We can compare these proportions to the ones from our original shooter. These are outputted in the cell below:

print(prop.table(table(sim_streak)))
## length
##          0          1          2          3          4          5 
## 0.52112676 0.25352113 0.11267606 0.07042254 0.01408451 0.02816901

Looking closely at the proportions between the two, we can see that while there is some variation, they line up pretty well.

  1. How does Kobe Bryant’s distribution of streak lengths compare to the distribution of streak lengths for the simulated shooter? Using this comparison, do you have evidence that the hot hand model fits Kobe’s shooting patterns?
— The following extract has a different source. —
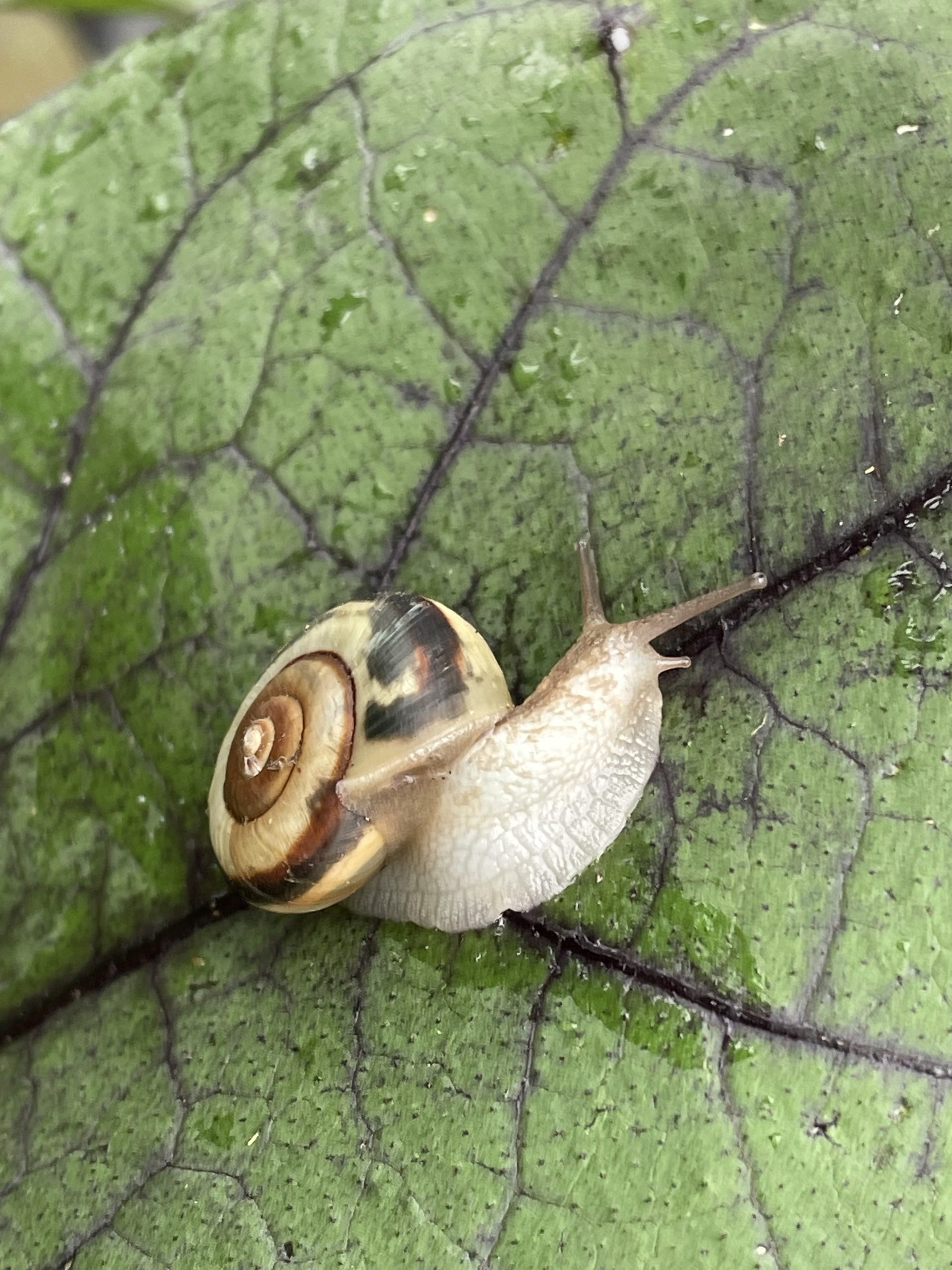 > カタツムリさんがいました。いよいよ梅雨入り間近かですね。

Explain.

WJ Response:

Given the asymmetrical shape of the Kobe and the simulated shooter’s streak distribution, the median and inter-quartile range (IQR) are useful statistics to help describe them. However, given that the two distributions seem similar in shape (and max/min values), the mean could also be a useful comparison tool). These are calculated and printed below:

kobe_stats = c(mean(kobe_streak$length), median(kobe_streak$length), 
               IQR(kobe_streak$length))
sim_stats = c(mean(sim_streak$length), median(sim_streak$length), 
               IQR(sim_streak$length))
stat_names = c('mean', 'median', 'IQR')
data.frame(stat_names, kobe_stats, sim_stats)
##   stat_names kobe_stats sim_stats
## 1       mean  0.7631579 0.8873239
## 2     median  0.0000000 0.0000000
## 3        IQR  1.0000000 1.0000000

We see that the median and IQR values are the same (respectively 0 and 1 due to the fact that these values comprise the majority of streak lengths in each distribution), and that the mean streak length for the simulated shooter is actually better than for Kobe. Given all of these factors (distribution comparison, descriptive stats comparison), we can pretty safely say that Kobe did not have a “hot-hand” during the NBA finals. However, in order to bolster evidence for this conclusion, a possible next step would be to perform some kind of hypothesis testing.